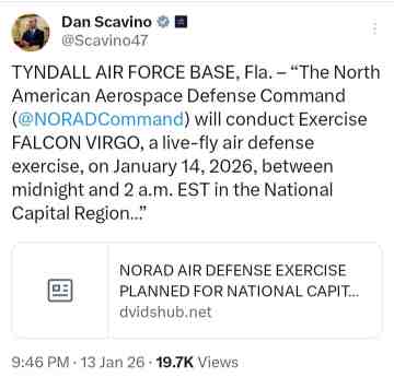 [092]Dan Scavino: TYNDALL AIR FORCE BASE, Fla. – “The North American Aerospace Defense Command (@NORADCommand) will conduct Exercise FALCON VIRGO, a live-fly air defense exercise, on January 14, 2026, between midnight and 2 a.m. EST in the National Capital Region…” media link media link
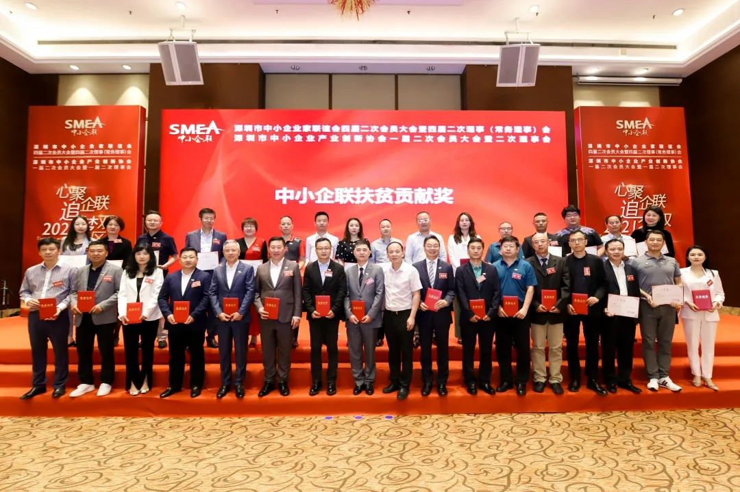 深圳市中小企業(yè)服務局副局長陳小林(左九)為獲得扶貧貢獻獎的企業(yè)家頒獎
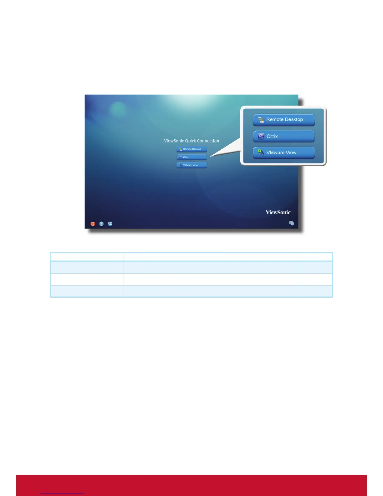Through ViewSonic Quick Connection screen, you can access three types of desktop virtualization services:

• [Problem description]:
Without including any picture, copy the listing above exactly and in full.

• [Written solution]:
 [092]Dan Scavino: TYNDALL AIR FORCE BASE, Fla. – “The North American Aerospace Defense Command (@NORADCommand) will conduct Exercise FALCON VIRGO, a live-fly air defense exercise, on January 14, 2026, between midnight and 2 a.m. EST in the National Capital Region…” media link media link
 深圳市中小企業(yè)服務局副局長陳小林(左九)為獲得扶貧貢獻獎的企業(yè)家頒獎
Through ViewSonic Quick Connection screen, you can access three types of desktop virtualization services:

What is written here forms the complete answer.